== Instructions for the task ==
Everything from the line with "в центре – изображение" to the end of the data below, both lines included, should be transcribed exactly; please omit the pictures.

□ □ □

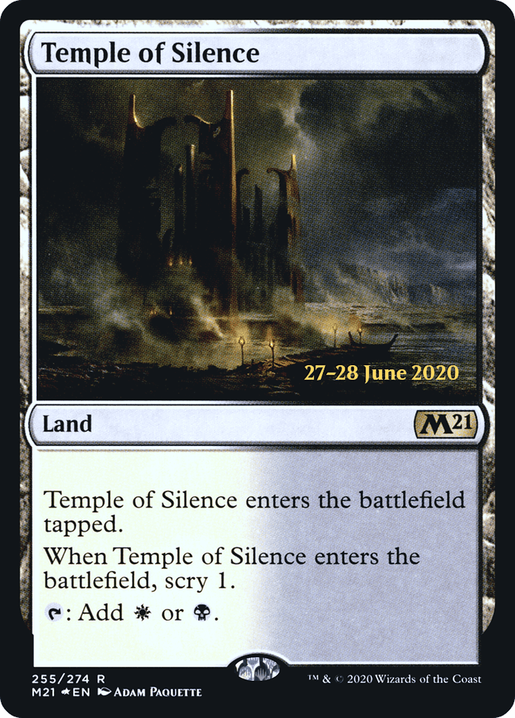 This land enters tapped. When this land enters, scry 1. (Look at the top card of your library. You may put that card on the bottom.) {T}: Add {W} or {B}.
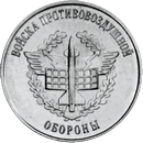 в центре – изображение эмблемы в виде двух стрел и зенитного снаряда внутри дубового венка; по кругу надписи: вверху – «ВОЙСКА ПРОТИВОВОЗДУШНОЙ», внизу – «ОБОРОНЫ».
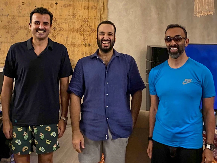 ونشر بدر العساكر، مدير المكتب الخاص لولي العهد السعودي، صورة تجمع الأمير محمد بن سلمان والشيخ تميم بن حمد والشيخ طحنون بن زايد، واصفاً اللقاء الذي جرى في البحر الأحمر بـ"الودي والأخوي".
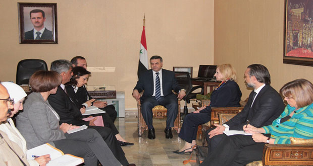 بحث وزير التربية الدكتور هزوان الوز مع نائب المفوض العام لوكالة الأمم المتحدة لإغاثة وتشغيل اللاجئين الفلسطينيين الأونروا مارغوت أليس والقائم بأعمال شؤون الوكالة في سورية ديان بوتبارا تعزيز مجالات التعاون والتنسيق بين الجانبين.
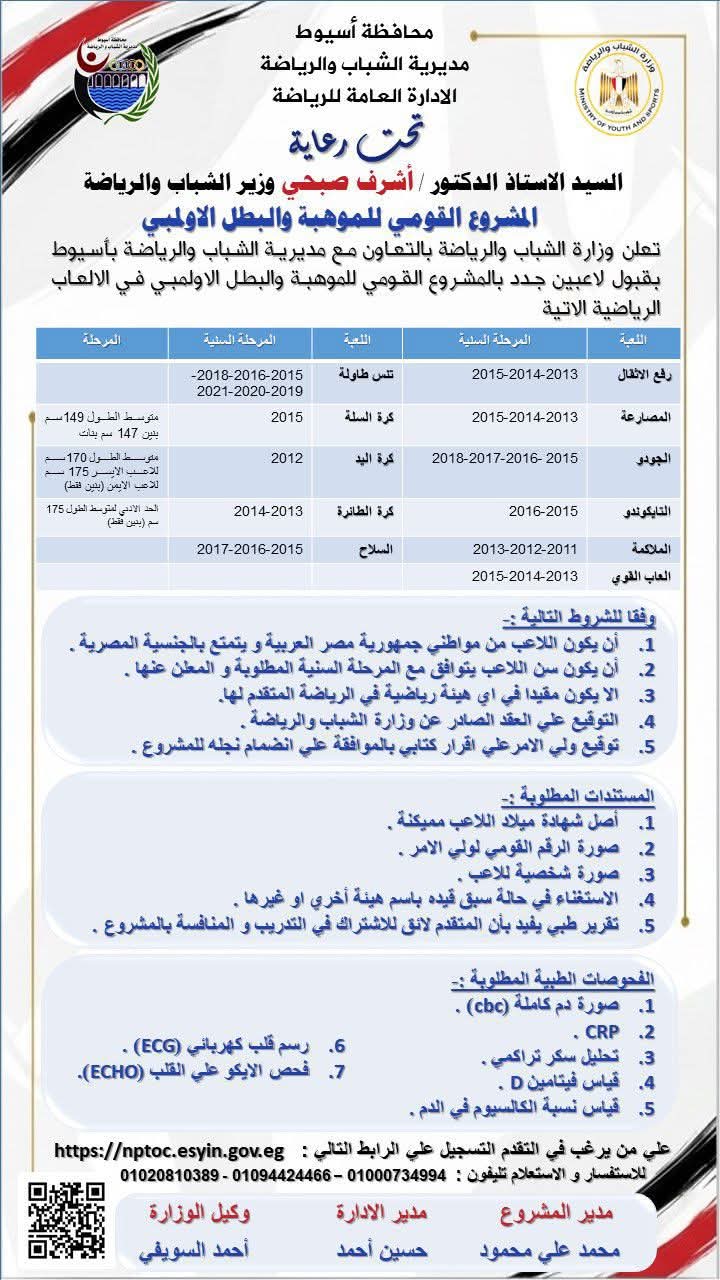 وأوضح المحافظ أن مديرية الشباب والرياضة بأسيوط بقيادة أحمد سويفي وكيل الوزارة تستقبل المستندات المطلوبة والخضوع للفحوصات الطبية اللازمة من خلال الرابط https://nptoc.esyin.gov.eg وفق الشروط المعلنة حيث يشمل المشروع عددًا من الألعاب الرياضية من بينها رفع الأثقال، المصارعة، الجودو، التايكوندو، الملاكمة، ألعاب القوى، تنس الطاولة، كرة السلة، كرة اليد، كرة الطائرة، والسلاح، وفقًا للفئات العمرية المحددة لكل لعبة.
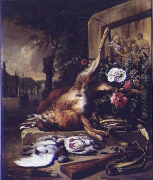 A Still Life Of Game, Including A Hare, Grey Partridges, A Pidgeon, A Musket, A Powder Bag, Trapping Nets And Summer Flowers Before A Stone Frieze, The Water Gardens Of A Villa Beyond

□ □ □

== Written solution ==
 в центре – изображение эмблемы в виде двух стрел и зенитного снаряда внутри дубового венка; по кругу надписи: вверху – «ВОЙСКА ПРОТИВОВОЗДУШНОЙ», внизу – «ОБОРОНЫ».
 ونشر بدر العساكر، مدير المكتب الخاص لولي العهد السعودي، صورة تجمع الأمير محمد بن سلمان والشيخ تميم بن حمد والشيخ طحنون بن زايد، واصفاً اللقاء الذي جرى في البحر الأحمر بـ"الودي والأخوي".
 بحث وزير التربية الدكتور هزوان الوز مع نائب المفوض العام لوكالة الأمم المتحدة لإغاثة وتشغيل اللاجئين الفلسطينيين الأونروا مارغوت أليس والقائم بأعمال شؤون الوكالة في سورية ديان بوتبارا تعزيز مجالات التعاون والتنسيق بين الجانبين.
 وأوضح المحافظ أن مديرية الشباب والرياضة بأسيوط بقيادة أحمد سويفي وكيل الوزارة تستقبل المستندات المطلوبة والخضوع للفحوصات الطبية اللازمة من خلال الرابط https://nptoc.esyin.gov.eg وفق الشروط المعلنة حيث يشمل المشروع عددًا من الألعاب الرياضية من بينها رفع الأثقال، المصارعة، الجودو، التايكوندو، الملاكمة، ألعاب القوى، تنس الطاولة، كرة السلة، كرة اليد، كرة الطائرة، والسلاح، وفقًا للفئات العمرية المحددة لكل لعبة.
 A Still Life Of Game, Including A Hare, Grey Partridges, A Pidgeon, A Musket, A Powder Bag, Trapping Nets And Summer Flowers Before A Stone Frieze, The Water Gardens Of A Villa Beyond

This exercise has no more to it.